Reddit is about to make the internet a bit less useful by blocking the Wayback Machine, part of the Internet Archive, from indexing most of its content. This move aims to stop AI companies from scraping Reddit data through the archive, which has long been a helpful tool for preserving website history and tracking changes over time.
The Wayback Machine snapshots websites at different points, allowing users to see pages that no longer exist or have changed significantly. For example, it holds archives of the old BioWare forums before their 2016 closure, and helps track shifts like changes on Steam pages. It even answers weird questions like whether the CIA ever ran a Star Wars fan site (yes, it did).
Reddit will now block the Wayback Machine from crawling anything beyond its homepage, which means individual subreddits and posts won’t be archived anymore. Reddit’s spokesperson, Tim Rathschmidt, said this is because AI companies have been scraping data from the Wayback Machine in ways that violate Reddit’s platform policies.
These restrictions on the Wayback Machine’s Reddit coverage started ramping up recently, with Reddit informing the Internet Archive ahead of time. But here’s the thing: Reddit isn’t doing this to protect users from AI abuse. They made a deal with Google in 2024 to allow their content for AI training and followed it up with a partnership with OpenAI. So, it’s less about principle and more about money.
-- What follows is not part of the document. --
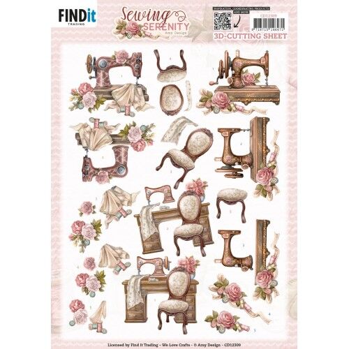 Knipvel met drie 3D-afbeeldingen in het thema van de collectie Sewing Serenity van Amy Design.
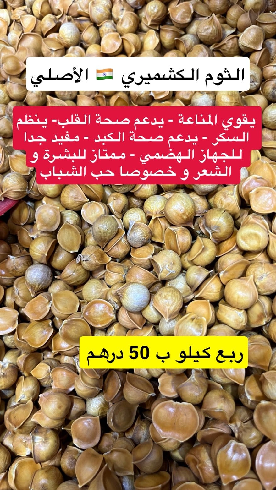 الثوم الكشميري (أو ثوم الجبل ذو الفص الواحد) هو نوع نادر وغني بمضادات الأكسدة ومركب الأليسين، ينمو في جبال الهيمالايا. يُعرف بقدرته الفائقة على تعزيز المناعة، خفض الكوليسترول الضار والدهون الثلاثية بمقدار 20ملغم/ديسيلتر تقريبًا، تحسين صحة القلب، علاج نزلات البرد والسعال، وتنظيم سكر الدم، مما يجعله أقوى بمرات من الثوم العادي.

The Internet Archive is a non-profit that provides a genuinely helpful service by preserving internet history accurately, unlike AI chatbots that sometimes spit out nonsense or offensive content. Cutting off Reddit from the Wayback Machine means losing access to a massive trove of information on countless topics, which kinda sucks for anyone who values digital preservation.
What’s more helpful here? A money-driven content gate or a free archive that helps keep internet history alive? Reddit’s choice makes you wonder about priorities in this AI age.